The appeal centred on the proper construction of art 23 of the New Zealand/China DTA. The Commissioner’s case was that the plain meaning and purpose of art 23 is to provide relief from juridical double taxation alone. Ms Lin’s counsel argued by reference to various provisions of the OECD Model and its updated Commentaries that art 23 is directed to relieving against both juridical and economic double taxation.
The Court considered that the issue was best addressed by construing the text of art 23 as a sequential and related whole within its settled context.
The Court agreed with the Commissioner’s submission that art 23(1) had the plain purpose of eliminating juridical double taxation in China by limiting the entitlement of a resident of that country to a credit on tax actually paid in New Zealand on income derived here. The Court noted that while there are linguistic differences between art 23(1) and its companion provision art 23(2)(a) they held that the necessary inference, in the absence of any contrary intention, is that both relieve against juridical double taxation, allowing only credits for taxes actually paid by a domestic resident in the foreign jurisdiction.

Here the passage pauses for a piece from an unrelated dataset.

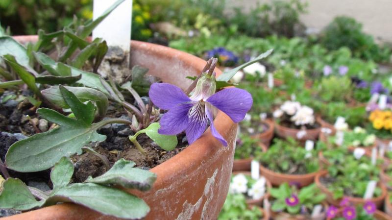 Und noch die erste und einzige Blüte die Viola palmata hier bisher geschafft hat, vielleicht ist es ihr zu trocken in ihrem Töpfchen. Ist aber auch nichts, was mich vom Hocker reißt.

The Court agreed with the Commissioner’s submission that in terms of art 23(2)(a) the “income” of the CFC was not “derived” by Ms Lin in China; and the tax paid or spared to the CFC was not payable, paid by or spared to Ms Lin. The Court found that there was no scope to import a proposition that the “income derived” refers to the deemed or attributed income of the CFC under New Zealand legislation.

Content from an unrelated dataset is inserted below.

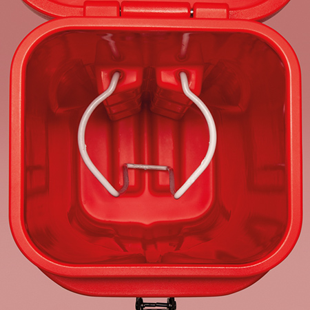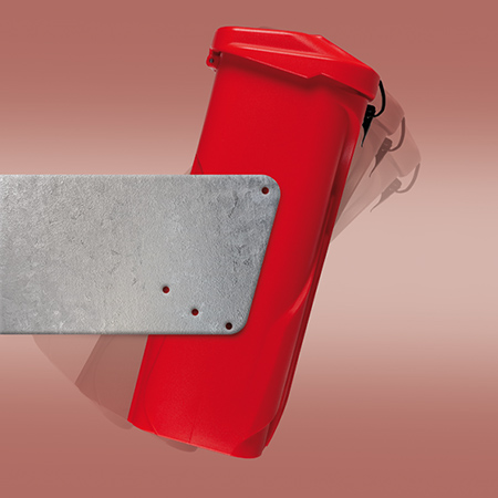 Rocket 6 has a flexible extinguisher holding system that allows the use of fire extinguishers with a diameter from 150 to 170 mm and a maximum height of 570 mm; this element is made of metal and it’s already installed inside the top loading fire box Rocket 6. The plastic coating gives to the tank holding system corrosion resistance, ability to reduce vibrations and at the same time favors the extraction of the fire extinguisher when necessary.

The Court disagreed with the High Court’s construction of art 23(3) that, when read in conjunction with art 23(2)(a), the phrase “payable … by a resident of New Zealand” includes tax deemed to have been paid or payable by the New Zealand resident on income or tax deemed to have been earned or paid by the New Zealand resident through the CFC regime. Instead the Court viewed 23(3) as confirming the focus of art 23(2)(a) as being on “tax payable in … China by a resident of New Zealand.”
Ms Lin’s counsel particularly relied on the phrase “in respect of” where it first appears in art 23(2)(a) and stated that it should be construed as requiring a connection between tax paid in China and tax payable in New Zealand. The Court disagreed and said that the phrase “in respect of” is synonymous with “on”. The Court was satisfied that art 23(2)(a) requires the tax to have been paid by a New Zealand resident on income derived by him or her in China, not by a third party CFC.

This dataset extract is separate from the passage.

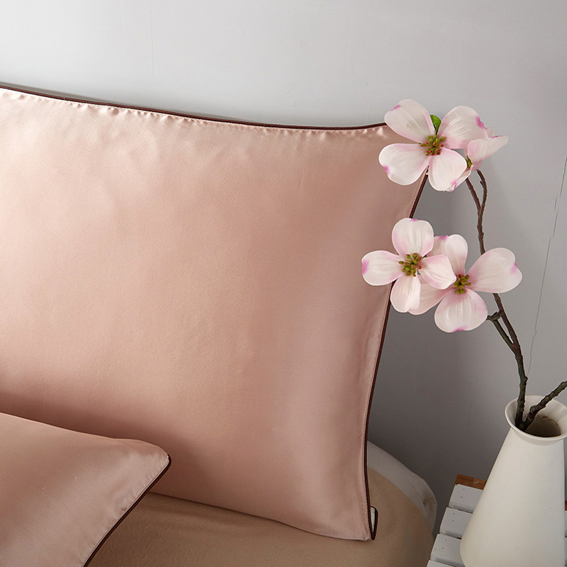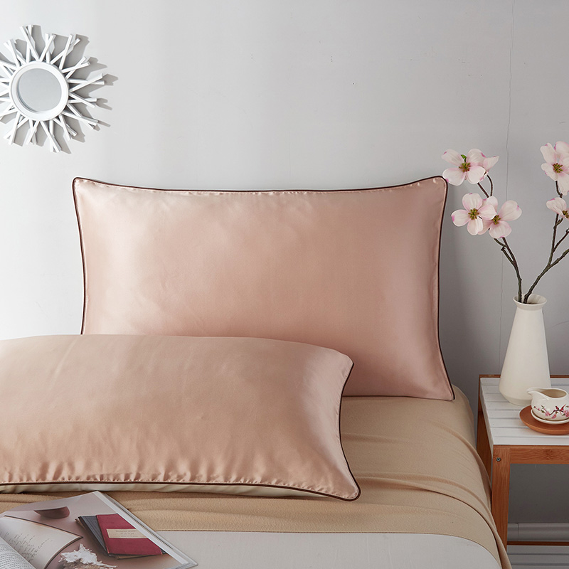朗莎家纺 2019新款真丝滚边枕套48X74cm/对 香槟金

The Court concluded that art 23(2)(a) relieves solely against juridical double taxation. Ms Lin’s counsel’s argument required the Court to disregard the legal nature of the relationship between Ms Lin and the CFCs. The fact that the ultimate source is income attributed to Ms Lin from the Chinese CFCs does not justify treating the two income streams, earned separately by the CFCs and Ms Lin, as one for revenue purposes, and ignoring the plain foundation of art 23(2)(a) on the source of “the income derived by a resident of New Zealand”.